Oct 30, 2013 12:51 PM EDT
Everett Golson Suspension UPDATE: Ex-Notre Dame QB Admits to Cheating on a Test, But Will He Play Next Season?
Everett Golson left many people questioning what "poor academic judgment" meant when it lead to his suspension from Notre Dame and, in recent interview, he said the punishment was for cheating.
Speaking with Sports Illustrated's Andy Staples, the former Notre Dame Fighting Irish quarterback hesitantly confirmed when asked point blank if he cheated on a test. The suspension was for a violation of the school's student conduct code, forcing him to sit out the entire football season.
"Like I said, I'm just going to leave it at poor judgment," he said. Asked again if he cheated on a test, Golson said: "Test situation."
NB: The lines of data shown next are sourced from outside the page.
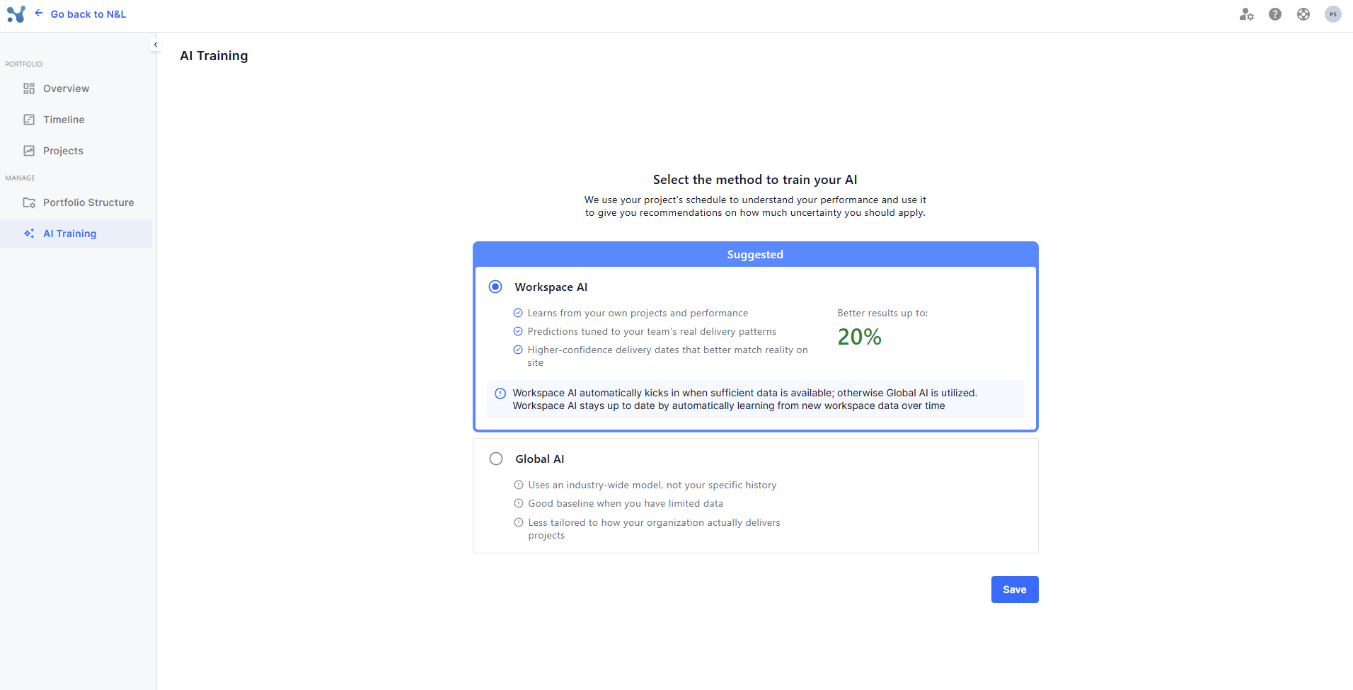 Workspace AI automatically activates when enough portfolio data is available to produce reliable QSRA results.
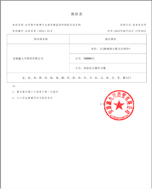 2023年8月28日白河高中新建女生宿舍楼监控和刷脸系统采购中标(成交)结果公告 |
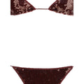 Oséree’s Marylin Swimsuit is a bright take on the classic triangle bikini. Lacing at the neck, back, and hips ensures an adjustable and comfortable fit, while all-over sequins enhance the silhouette with bright highlights and a touch of glamour.
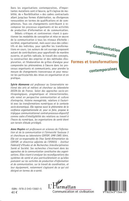 Dans les organisations contemporaines, d'importantes mutations sont à l'uvre. Mobilité, « flexibilisation », ubérisation : tous ces changements contribuent à recomposer les processus de production d'information et de communication. Cet ouvrage propose d'approfondir de manière ouverte le travail d'analyse pour comprendre les phénomènes de communication à tous les niveaux d'échelle : sociétal, organisationnel, individus et collectifs.
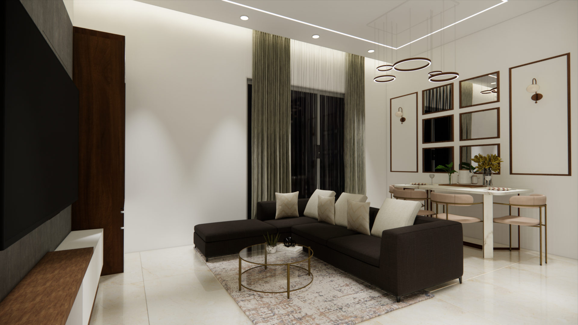 The goal was to design a functional home that reflected Mr. Himanshu’s contemporary taste. We incorporated space-efficient solutions, personalized decor, and an open layout to make the most of the available space while maintaining a luxurious feel.
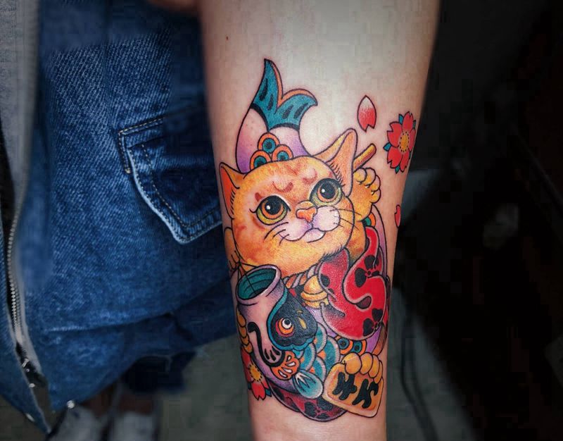 招财猫纹身图片_手臂新传统招财猫纹身图案
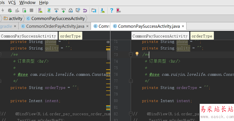 以上就是Android Studio對比兩個文件代碼的方法,雖然和eclipse不同,但是也很簡單。
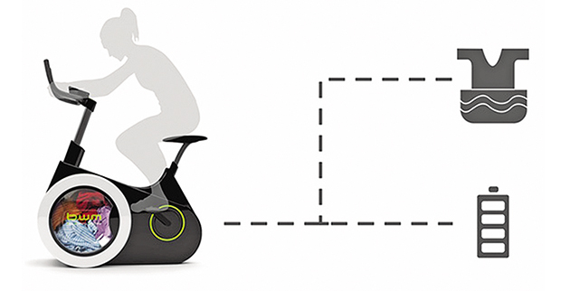 Οταν λοιπόν ο χρήστης γυμνάζεται, τα ρούχα μέσα στον κάδο πλένονται όπως ακριβώς συμβαίνει και στο κανονικό πλυντήριο. Το ακόμη καλύτερο είναι ότι γεννήτρια που υπάρχει ενσωματωμένη στο ποδήλατο αποθηκεύει το περίσσευμα της παραγόμενης από την κίνηση των πεταλιών ενέργειας, ώστε αυτή να χρησιμοποιηθεί από το πλυντήριο χωρίς ο χρήστης να ποδηλατεί συνεχώς.
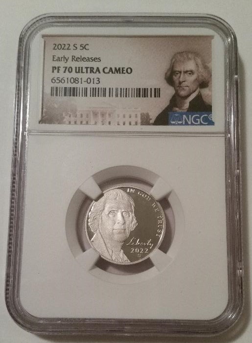 6561081013 | 2022 S Jefferson Nickel. Copper-Nickel. Proof-70 Ultra Cameo NGC Early Releases. Portrait Label.
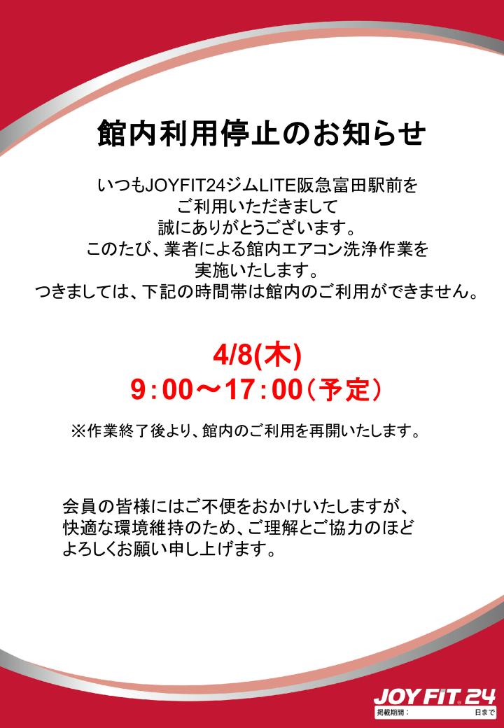 いつもJOYFIT24ジムLITE阪急富田駅前をご利用いただき、誠にありがとうございます。 下記日時において、業者によるエアコン洗浄を実施いたします。
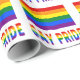 The Gay Pride Rainbow Flag with stripes of red, orange, yellow, green, blue, and violet, shows here with the words GAY PRIDE underneath, in the colours of the flag. Share your pride with this gift wrapping paper.
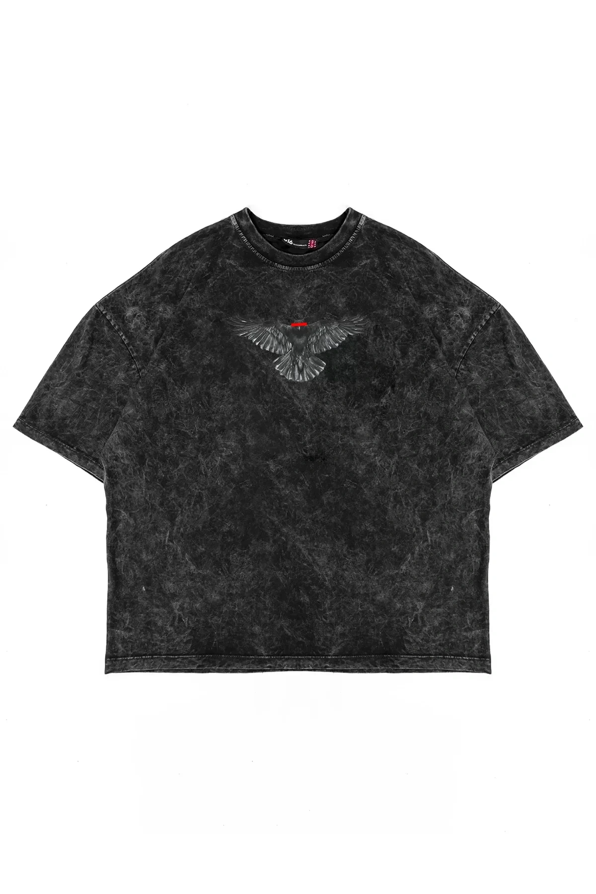 Defensive Crow Baskılı Premium Oversize Unisex Yıkamalı Siyah Tshirt

He was told he could reapply for the spring 2014 semester and he expects to be back on the field for the Fighting Irish next season. He was suspended as a true freshman, just five months after a 42-14 loss to Alabama in the BCS National Championship game. He decided to focus on returning to Notre Dame instead of playing at a junior college and reapplying elsewhere afterward.
Golson did not specify how he cheated, but said he did not plagiarize a paper and did not consistently post low grades.
According to the Associated Press, Notre Dame head coach Brian Kelly and offensive coordinator Chuck Martin have been in regular contact with Golson, who has been home in Myrtle Beach, S.C. He has reportedly been working out with private quarterback coach George Whitfield Jr. for the past two months.
"He's in a disciplined environment, one I'm very comfortable with," Kelly said. "Just catching up on what we're doing, game plans, staying connected. He's staying connected weekly from that standpoint."
He told Staples he felt like Notre Dame has unfinished business following their loss in college football's biggest game. Despite being 12-0 that season and receiving the number-one-overall ranking, the Irish lost by four touchdowns to Nick Saban and the Crimson Tide.
"My heart was set on going back to Notre Dame," Golson said. "Not necessarily to prove [anything] to anybody, just doing it for me. I felt like that's something that I started and I didn't want to run away from it and go to a [junior college] or go to another school. I was going to face it."